The Hitlist is a 2012 Indian action thriller film written, directed and produced by Bala (in his directorial debut). It was simultaneously shot in Malayalam and Kannada languages. The film stars Bala, Dhruv Sharma (in his Malayalam debut), and Aishwarya Devan, while Samudrakani, Thalaivasal Vijay, Riyaz Khan, Tini Tom, and Sasi Kalinga plays supporting roles. The film's music was composed by Alphons Joseph. The plot follows ACP Vikram Rathod, who is assigned to catch a serial killer who has been murdering police officers.

The film completed production in late-June 2012. The Hitlist was released in theatres on 7 December 2012.

==Cast==

- Bala as ACP Vikram Rathore IPS
- Dhruv Sharma as Dhruv
- Aishwarya Devan as Avanthika
- Riyaz Khan as CI Simon
- Krishna as Anand
- Thalaivasal Vijay as IG Robert IPS
- Sreejith Ravi as Peter
- Sasi Kalinga as Madhavan
- Tini Tom as Stephen
- Riza Bava as DGP
- Suresh Krishna as Commissioner
- Kiran Raj as SP
- Samudrakani as DSP Anapazhakan
- Sandhya as Gouri
- Sukanya as Herself
- Unni Mukundan as SI Ajai Kumar (Cameo appearance)
- Narain as Dr. Lewis (Cameo appearance)

==Production==
The Hitlist marks the directorial debut of actor Bala. Screenplay was also written by him. He also played the lead role, while Kannada actor Dhruv Sharma and Aishwarya Devan portrayed other two principal characters. Filming began in Kochi. Initially, Prithviraj Sukumaran and Unni Mukundan were supposed to make cameo appearances. In the film, Mukundan and Narain appeared in cameo roles. Bala also produced the film. The film was simultaneously shot in Malayalam and Kannada languages.
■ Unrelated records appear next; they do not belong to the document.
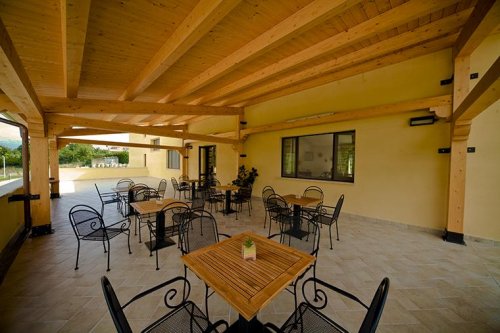 Il Ristorante è in grado di accogliere fino a 70 persone ed è in parte sormontato da una suggestiva tettoia in legno.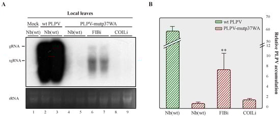 Accumulation of PLPV-mutp37GA in lines of N. benthamiana with downregulated fibrillarin or coilin content. The PLPV-mutp37WA was inoculated in wt, FIBi, and COILi N. benthamiana lines. Northern blot (A) and RT-qPCR (B) analyses of local leaves collected at 7 dpi. For Northern blot (A), a PLPV- specific riboprobe was employed. Positions of the PLPV genomic (g) and subgenomic (sg) RNAs are indicated at the left of the blot, and ethidium bromide staining of rRNAs is included below the blot as loading control. Two distinct samples are shown for each virus–plant line combination. A mock-inoculated plant was included as negative control. In (B), the bars depict the standard deviation from three independent biological replicates. The statistical significance was checked using a paired t-test (** p < 0.01).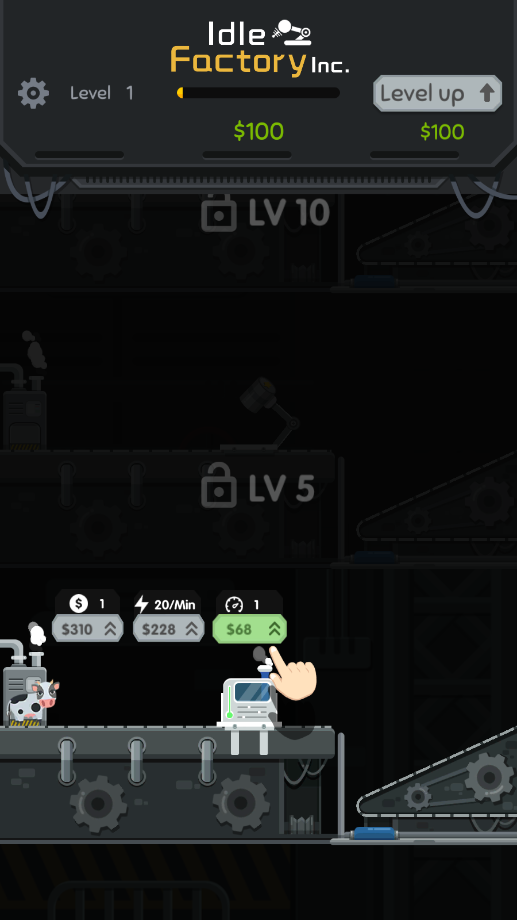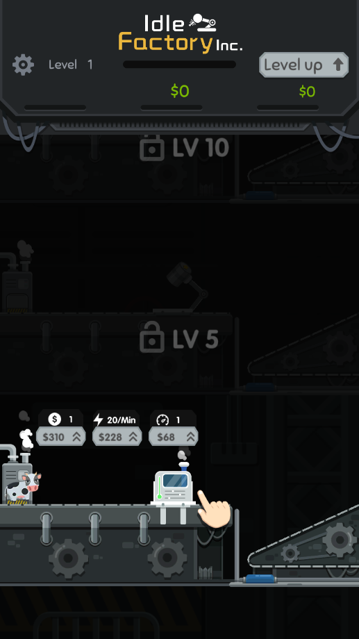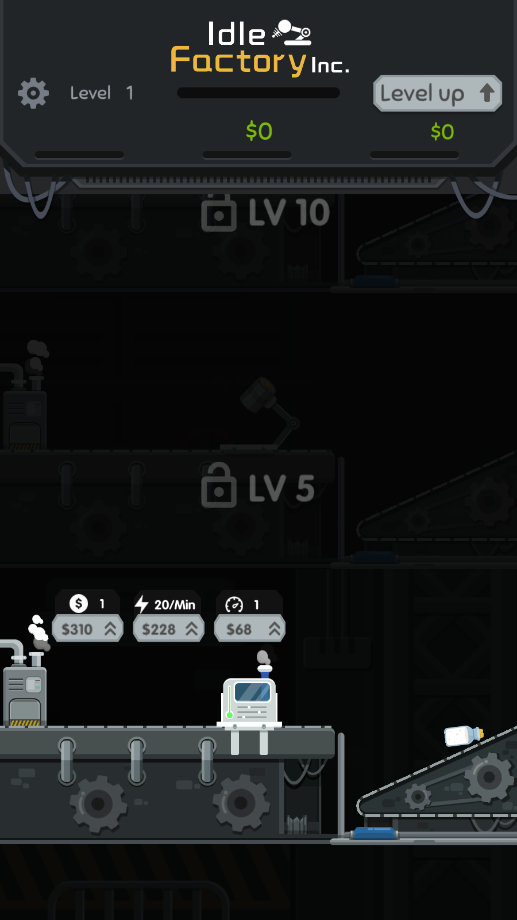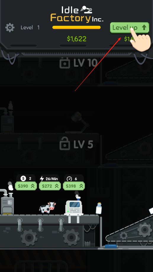 2、当上方经验条满后,点击Level up按钮升级工厂的等级,解锁新的设备、新的区域,拓展生产规模。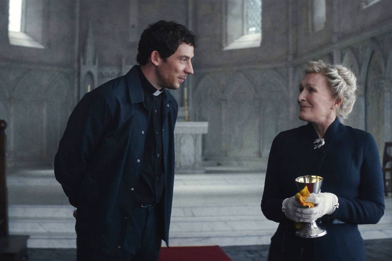 Como en todas las películas de la saga, Rian Johnson utiliza a sus personajes como arquetipos del presente. Cada uno está construido con el nivel de detalle suficiente como para parecer real, pero también representa una postura ideológica reconocible. El conflicto central se articula a través de dos figuras opuestas: el Padre Jud, interpretado por Josh O’Connor, y Monseñor Jefferson Wicks, al que da vida Josh Brolin. Wicks es un líder autoritario que gobierna su comunidad desde el miedo, la mentira y el castigo, mientras que Jud cree en una iglesia basada en la compasión, la ayuda mutua y la gracia. De hecho, este enfrentamiento no solo es personal, sino también profundamente ideológico.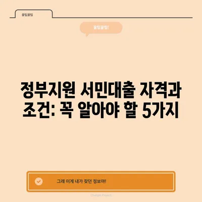 정부지원 서민대출 자격과 조건: 꼭 알아야 할 5가지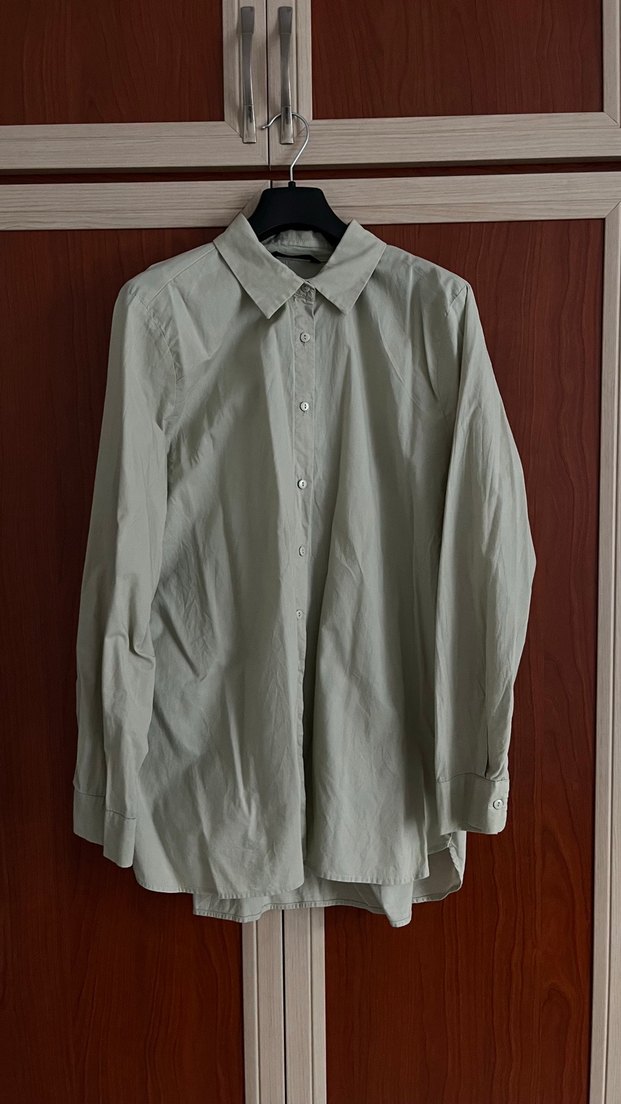 Soft yeşil keten gömlek, yakalı ve düğmeli ön tasarıma sahiptir. Uzun kollu ve normal kesimdir, günlük kullanıma uygundur. Minimalist, normcore tarzında midi uzunluktadır.

Mohanlal and Sudeepa did voice-over in Malayalam and Kannada versions, respectively.

==Soundtrack==
The soundtrack features three songs composed by Alphons Joseph . The lyrics were written by Santhosh Varma & Jophy Tharakan.

- Track listing

| No. | Title | Lyrics | Singer(s) | Length |
|---|---|---|---|---|
| 1. | "Kadhakalumezhuthi" | Santhosh Varma | Alphons Joseph, San Jaimt | 2:53 |
| 2. | "Kannake" | Santhosh Varma, Jophy Tharakan | Alphons Joseph, Amrutha Suresh | 4:52 |
| 3. | "Manathe Vellikinnathil" | Jophy tharakan | Sayanora Philip | 4:48 |
| 4. | "Akalaminnarikilalle" | Santhosh Varma | Amritha Suresh | 4:31 |
| Total length: |  |  |  | 15:84 |

==Release ==
The Malayalam version The Hitlist was released in theatres on 7 December 2012. The Kannada version remains unreleased.